Fortunately, before a few of those students graduate, they might encounter a real English teacher known as the technician. Students often hate the technician because this teacher will force them to work and use their brains. Little do they know that these teachers work even harder than they do. They will grade and correct every pitiful paper they write. They will take the time to teach the abstract and complex world of grammar and ram the stolid boundaries of the students' prepubescent sentence structures. They will create and teach the complex blueprints involved in building an argument and adorning it with polished language.They will burn off the abundant flab slowing a student's brain with unceasing dissections, deep readings, and critiques on difficult but doable texts. Students under the technician will finally learn the meaning of the word discipline: self control, correct training, and an obedience to essential academic and moral rules. They will be armed to pass any examination or complex task or concept forever afterwards. Sadly, they will often resent this devoted teacher that endowed them with these life long skills and remember fondly the teacher that gave them parties and field trips.

Too many people have entered the teaching profession hoping to affect young people's hearts instead of their minds. They come inspired with their favorite poetry (sometimes their own), implausible movies showing teachers exhorting their unnaturally compliant students to "seize the day," or naive notions of simply motivating kids out of their kids out of apathy with hard-hitting discussions and therapy sessions. If they don't quit within their first few years, these teachers will take their place below a smiling indifferent principal in pushing the illiterate young American on his way. They will loudly cry foul at standardized tests until the standards sink low enough to accommodate their lackadaisical teaching methods.

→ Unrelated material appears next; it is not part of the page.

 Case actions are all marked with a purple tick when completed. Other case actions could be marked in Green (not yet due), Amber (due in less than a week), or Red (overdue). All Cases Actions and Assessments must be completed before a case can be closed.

Teachers need to concern themselves with the process rather than the result. It's arduous, slow, intimidating in its complexity, but unavoidably necessary. The proper word for this learning process that has gradually faded away from modern education is discipline. Until educators stop needlessly inventing those empty different definitions and buzzwords, that desirable result of discipline will be gone as soon as the bell for class rings.

5 comments:

Anonymous said...

Unfortunately, the one word people don't use is discipline, not even for behavior (this would expect to much for some students). too?

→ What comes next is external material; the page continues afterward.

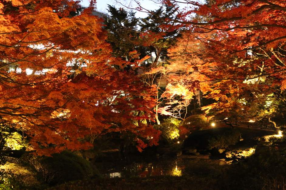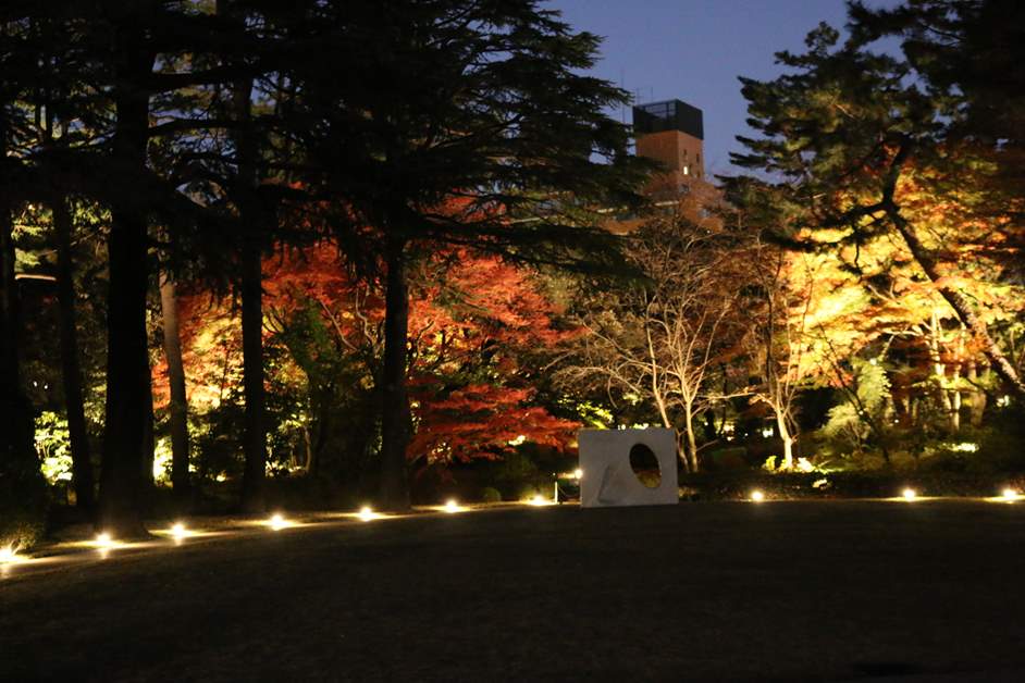 夕刻を過ぎると、旧朝香宮邸がライトアップされるほか、日本庭園では彩られた紅葉が池の水面に照らされ、目を見張るような幻想的な光景が出現します。

Please delete my comment after fixing. I hate nitpickers even when I do it :)

Anonymous said...

Great article! I am a therapist and an English Teacher. The problem is that when I went through school I was never taught explicit grammar. I was just an avid reader and got by that way. It seems I have some work to do.

Anonymous said...

What do you mean "discipline"? What is that word? We haven't discussed that at ed-school. "More deconstructionsim", is that what you meant? Can you still sit in a circle and talk about your feelings with "discipline"? What about students from different cultures? Is “discipline” multicultural?

Melissa B. said...

Oh, gracious--those durned Educational Euphemisms! It is with great academic rigor, and much learning through effort, that I try at this time of year to reach higher level thinking, by engaging students in cooperative learning, thereby connecting with them, and with myself, through technology. And Don't. Forget. The. PLT!

corbusier said...

I can't tell you how much discipline matters in education, since it becomes the primary determinant in how well one does for the rest of one's life. The people paying big bucks for your expertise are not relying on how well you express your feelings or how tolerant you are to diversity. Rather they expect a high level of discipline on your part, that your solutions have been methodical and thought through.

Although I've been taught a little bit of grammar in my schooling, I don't think I had enough of the "technician" type of teachers to help me craft solid sentences and paragraphs. One of the most useless classes I took in college was freshman English composition, in which the professor didn't teach a lick about writing, but instead preferred to have us all sit under a tree and listen to his stories about his adopted children and Bob Dylan.